** WORK INSTRUCTION **
Only the lines below from the one containing "Der står str." through the one containing "Wir liefern Glasperlen" belong in the answer, repeated exactly and without pictures.

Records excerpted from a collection
++++++++
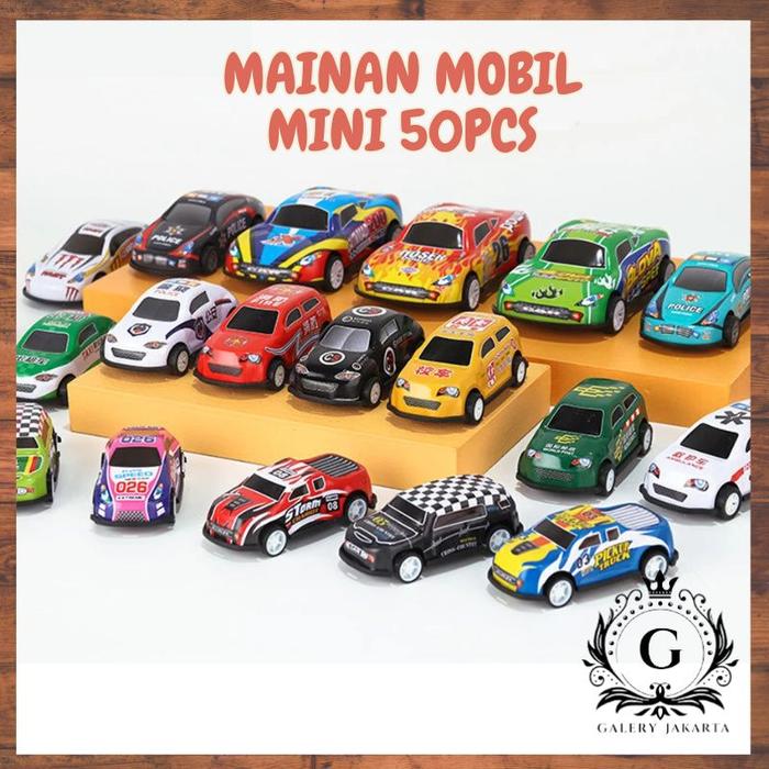 GaleryJak 50Pcs+Box Mainan Mobil Pesawat Mini PullBack Mix Collorfull Racing Car Metal Mini Cars Kids Toys - MOBIL 50PCS
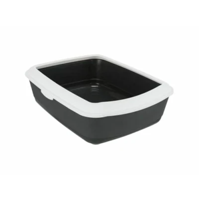 Trixie 40184 Classic Cat Litter Tray with Rim, 37 x 15 47 cm, Dark Grey/White
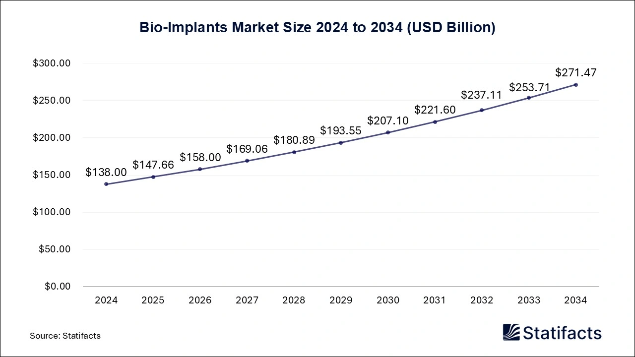 The global Bio-implants market size was estimated at USD 138 billion in 2024 and is anticipated to reach around USD 271.47 billion by 2034, growing at a CAGR of 7% from 2024 to 2034. A study published by Statifacts a sister firm of Precedence Research.
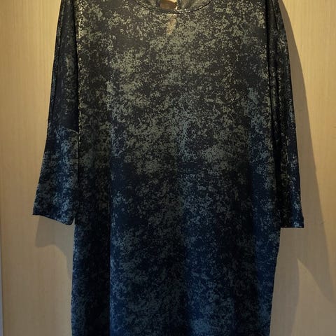 Der står str. XXL i: brystvidde ca. 2 x 57 cm (målt når stoffet ligger helt fladt uden at trække i det), hofte ca. 2 x 61 cm, længde ca. 98,5 cm. Indvendig ærmelængde ca. 30 cm.
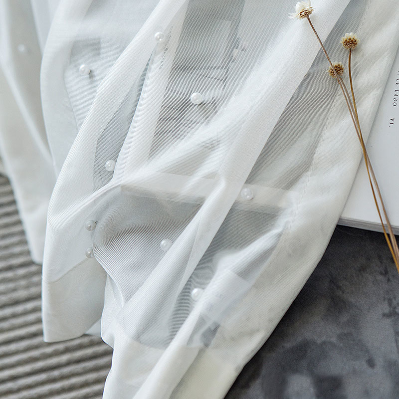 Wir liefern Glasperlen bestückten weißen Voile-Stoff für 17,99 £ pro 280cm x 100cm.
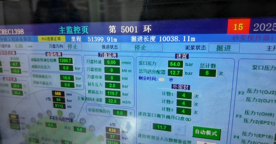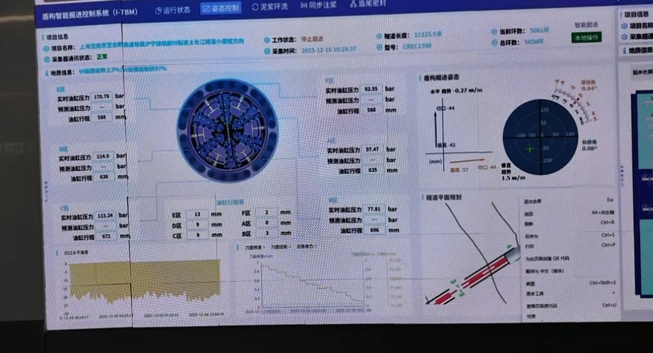 从2024年5月“领航号”盾构机正式始发,此次掘进里程突破万米是世界最大直径高铁盾构机首次实现一次连续掘进10000米,连续掘进里程之长、速度之快位居行业领先水平。该成就主要得益于“领航号”盾构机九大智能建造成果的成功应用,其搭载的世界最强脑系统拥有“独立思考、智能分析、自主判断”能力,掘进、环流、姿态参数较人工操作更平稳,成功实现全系统算法控制的无人化智能掘进的常态应用,创造了15米级高铁隧道月掘进718米世界纪录。
++++++++
** RESPONSE TO THE TASK **
 Der står str. XXL i: brystvidde ca. 2 x 57 cm (målt når stoffet ligger helt fladt uden at trække i det), hofte ca. 2 x 61 cm, længde ca. 98,5 cm. Indvendig ærmelængde ca. 30 cm.
 Wir liefern Glasperlen bestückten weißen Voile-Stoff für 17,99 £ pro 280cm x 100cm.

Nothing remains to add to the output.